Historically swapping values without a temporary was useful in assembler to save on registers/memory, and someone came up with a way of using XOR do this. Essentially, all you need to do is:

a = a xor b
b = a xor b
a = a xor b

As an example:

let a = 0x55   (0b01010101)
let b = 0xAA   (ob10101010)

a = a xor b    a == 0x55    0b01010101
               b == 0xaa    0b10101010
           xor(a) = 0xff    0b11111111 

b = a xor b    a == 0x55    0b11111111
               b == 0xaa    0b10101010
           xor(b) = 0xff    0b01010101

a = a xor b    a == 0x55    0b11111111
               b == 0xaa    0b01010101
           xor(a) = 0xff    0b10101010

Since assembler tends to accees memory on a byte by byte or word by word basis without any regard as to what those values represent or how they should be interpreted, this will always work, no matter what values a and b have, nor how 'wide' they are (bytes, words or doublewords).
There is a 'cute' way of writing this:- if you assume that the ^ operator means 'bitwise xor' (as it does in C and C++) and that
x ^= y
is equivilant to
x = x ^ y
then the above series of expressions could be written as:

a ^= b
b ^= a
a ^= b

And if you're allowed to chain expressions, this can even be made even 'cuter' by doing:
a ^= b ^= a ^= b
Not exactly self documenting code as you can see. Also note that this last is not allowed in C or C++.
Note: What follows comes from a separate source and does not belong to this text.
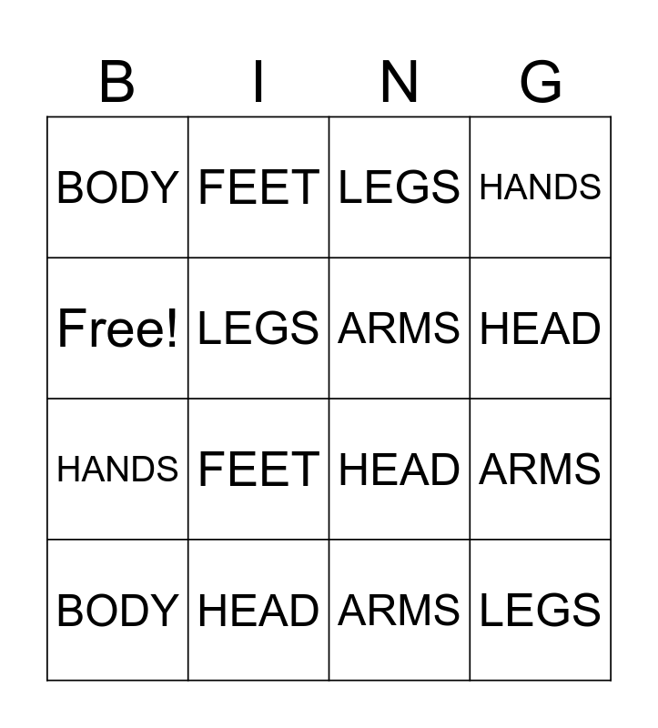 This bingo card has 16 words: HEAD, ARMS, LEGS, BODY, HANDS, FEET, HEAD, ARMS, Free!, LEGS, BODY, HANDS, FEET, HEAD, ARMS and LEGS.

Assembler arithmetic 'trick'

Another similar method relies on addition and subtraction:


a = a + b
b = a - b
a = a - b

Similar example (presuming twos complement):

let a = 0x55   (0b01010101)
let b = 0xAA   (ob10101010)

a = a + b      a == 0x55    0b01010101
               b == 0xaa    0b10101010
           a+b(a) = 0xff    0b11111111 (with a carry)
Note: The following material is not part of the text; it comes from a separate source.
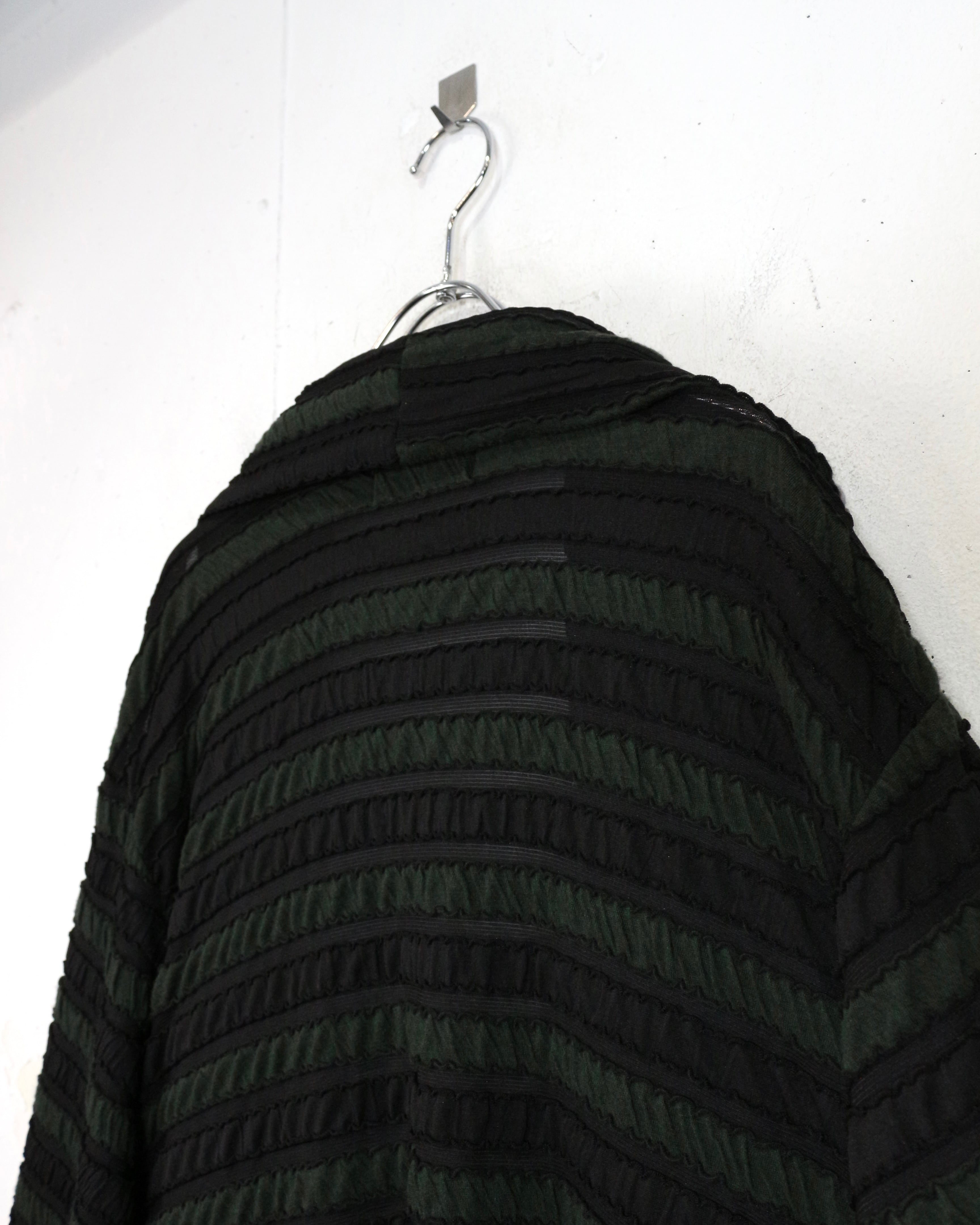 ブラックと深みのあるグリーンで表現されたカラーリングにより、奥行きと陰影が生まれ、動くたびに表情が変わる非常に完成度の高い1着に仕上がっています。

b = a - b      a == 0xff    0b11111111
              -b == 0x56    0b01010110
          a+-b(b) = 0x55    0b01010101 (with carry)
         
a = a - b      a == 0xff    0b11111111
              -b == 0xab    0b10101011
          a+-b(a) = 0x55    0b10101010 (with carry)

Again - it doesn't matter what these numbers represent, or how they should be interpreted since they are just 'raw bits' from the point of view of assembler.

Attempting to swap directly using XOR in C and C++

Unfortunately, some people see the above two tricks on the web without taking note of what language it applies to. While the two above tricks can be used in C and C++, there are reasons on why they cannot be used in all circumstances.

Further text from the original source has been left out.